State Minister for National Reconciliation Affairs
- In office 23 June 2011 – 26 November 2018

Leader of the Syrian Social Nationalist Party (Intifada)
- Incumbent
- Assumed office 23 June 2011

Personal details
- Born: 1962 (age 63–64) Hama, Syria
- Party: Syrian Social Nationalist Party (Intifada)
- Children: 2
- Alma mater: University of Damascus

= Ali Haidar (politician) =

Syrian politician (born 1962)

Ali Haidar (born 1962) is a Syrian politician who is the leader of the Syrian Social Nationalist Party – Intifada Wing, and from June 2011 to November 2018 was the Minister of State for National Reconciliation Affairs.

==Early life==
Ali Haidar was born to an Alawite family in Hama-Masyaf in 1962. He studied ophthalmology at the Damascus University, and specialized in surgery and eye diseases.

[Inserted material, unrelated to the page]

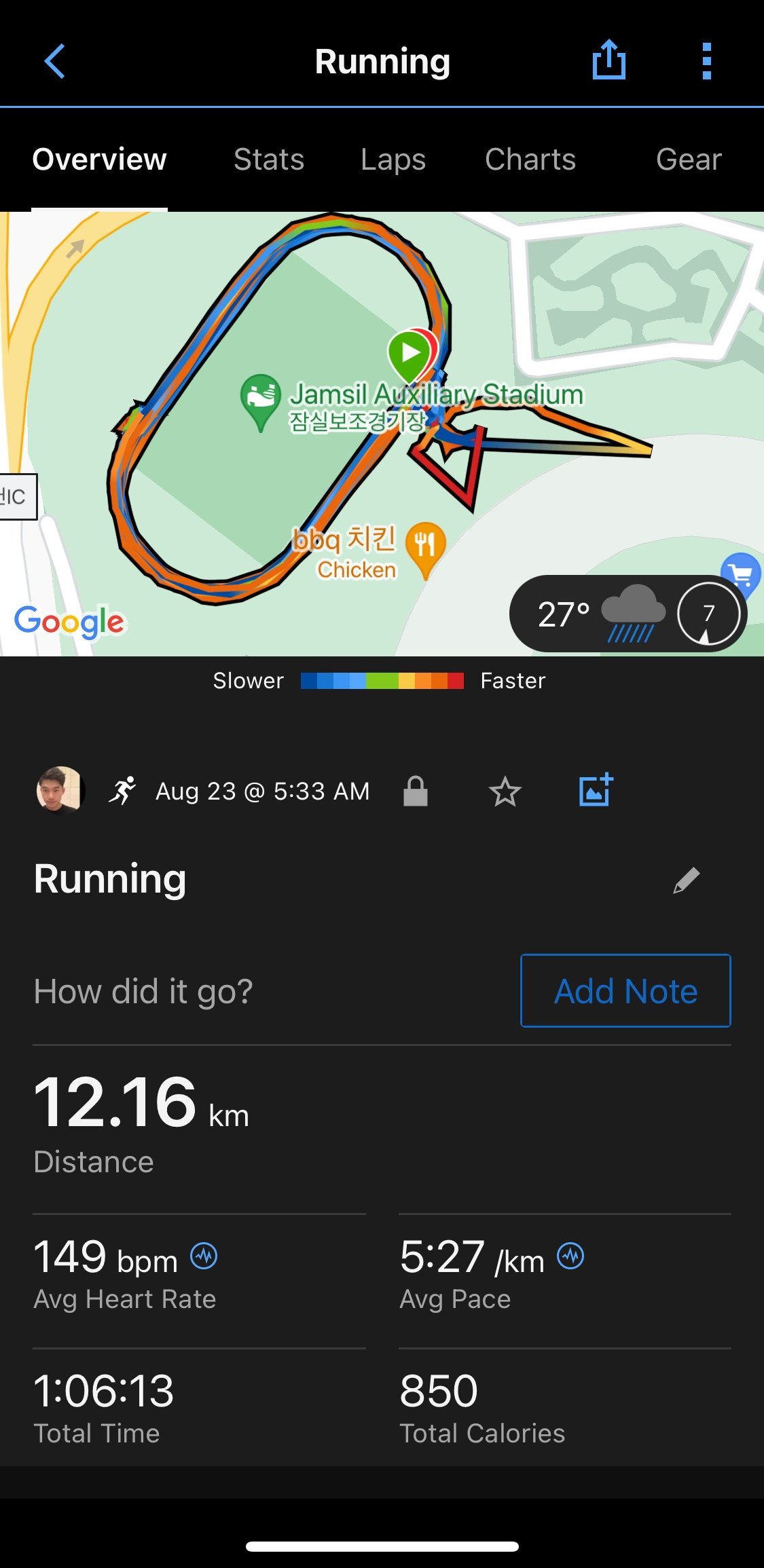 일요일 300m 60초 + 100m 43초 => x7(2세트)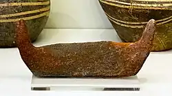 Im neuen Jahrtausend kam es zu mehreren Grabungskampagnen in den Jahren 2004–2006, 2009–2010 sowie 2012.[63] Dabei konnten erneut bemerkenswerte Funde geborgen werden. Bereits 2004 entdeckte man in Haus B.2 einen Barren aus Zinn, einen teilweise über diesem liegenden bronzenen Dreizack und einen kompletten Ochsenhautbarren.[65] Der Dreizack besitzt Widerhaken, was eine Funktion zum Fischfang vermuten lässt.[66] In Haus C.3 wurde 2005 ein bronzenes Sistrum aus der Phase SM I B ausgegraben, das sich heute im Archäologischen Museum von Agios Nikolaos befindet.[67] Die Rahmenrassel ist 28,5 cm hoch und 8,3 cm breit.[68] Sistren sind vor allem aus dem alten Ägypten bekannt, wurden jedoch vereinzelt auch auf Kreta gefunden. Ein weiteres Sistrum aus Bronze stammt aus Agia Triada. In Phourni bei Archanes und der Höhle von Agios Charalambos an der Westseite der Lassithi-Hochebene fand man mittelminoische Sistren aus einheimischem Ton.[69] Die bildliche Darstellung eines Sistrum befindet sich auf der Schnittervase aus Agia Triada.[68]

Whilst studying ophthalmology he was classmates with Bashar al-Assad. He graduated from Damascus University in 1994.

==Career==
In 2012, Haidar led his party into the Popular Front for Change and Liberation coalition of non-Ba'athist parties in the Syrian parliament. Haidar is one of two non-Ba'athist candidates elected to Parliament in May 2012 who were given ministerial posts, the other being Jamil Qadri.

On 12 February 2013, Haidar stated in a press briefing that the Syrian government can hold talks with head of Syrian opposition, Moaz al Khatib. These talks did not transpire. Haidar announced in May 2014 that his party was withdrawing from the Popular Front for Change and Liberation over discrepancy in positions towards the presidential election; his SSNP supported the re-election of Bashar al-Assad.

==Personal life==
Haidar is married and has two children. His son Ismail was murdered on 2 May 2012 alongside SSNP member Fadi Atawneh on the al-Mahnaya junction on the road between Homs and Masyaf when their car was ambushed by members of the Syrian armed opposition.